Effective error-detection is paramount for building highly dependable computing systems. A new methodology, based on physical and simulated fault injection, has been developed for assessing the effectiveness of error-detection mechanisms. This approach has 2 steps: (1) transient faults are physically injected at the IC pin level of a prototype, in order to derive the error-detection coverage. Experiments are carried out in a 3-dimensional space of events. Fault location, time of occurrence, and duration of the injected fault are the dimensions of this space. (2) Simulated fault-injection is performed to assess the effectiveness of new error-detection mechanisms, designed to improve the detection coverage. Complex circuitry, based on checking for protocol violations, is considered. A temporal model of the protocol checker is used, and transient faults are injected in signal traces captured from the prototype system. These traces are used as inputs of the simulation engine. s-confidence intervals of the error-detection coverage are derived, both for the initial design and the new detection mechanism. Physical fault-injection, carried out on a prototype server, proved that several signals were sensitive to transient faults and error-detection coverage was unacceptably low. Simulated fault injection shows that an error-detection mechanism, based on checking for protocol violations, can appreciably increase the detection coverage, especially for transient faults longer that 200 nanoseconds. Additional research is required for improving the error-detection of shorter transients. Fault injection experiments also show that error-detection coverage is a function of fault duration: the shorter the transient fault, the lower the coverage.

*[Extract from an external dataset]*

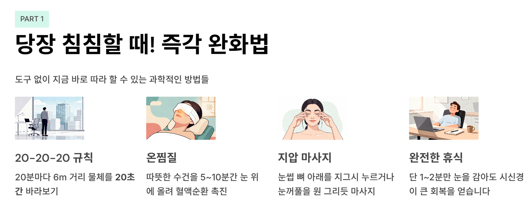 눈에 쌓인 피로를 즉시 덜어낼 수 있는 가장 간단하면서도 과학적인 방법들입니다. 거창한 도구가 없어도 지금 바로 따라 하실 수 있어요.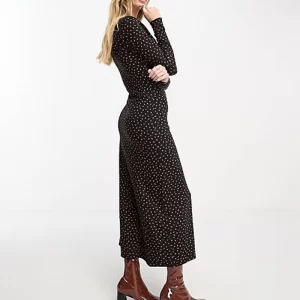 Elegant Women's V-neck Long Sleeve Pink Floral Bud Print Black Casual Max Tea long Dress

As a consequence, injecting faults that have a unique, predefined duration, as it was frequently done in the past, does not provide accurate information on the effectiveness of the error-detection mechanisms. Injecting only permanent faults leads to unrealistically high estimates of the coverage. These experiments prove that combined physical and simulated fault injection, performed in a 3-dimensional space of events, is a superior approach, which allows the designers to accurately assess the efficacy of various candidate error-detection mechanisms without building expensive test circuits.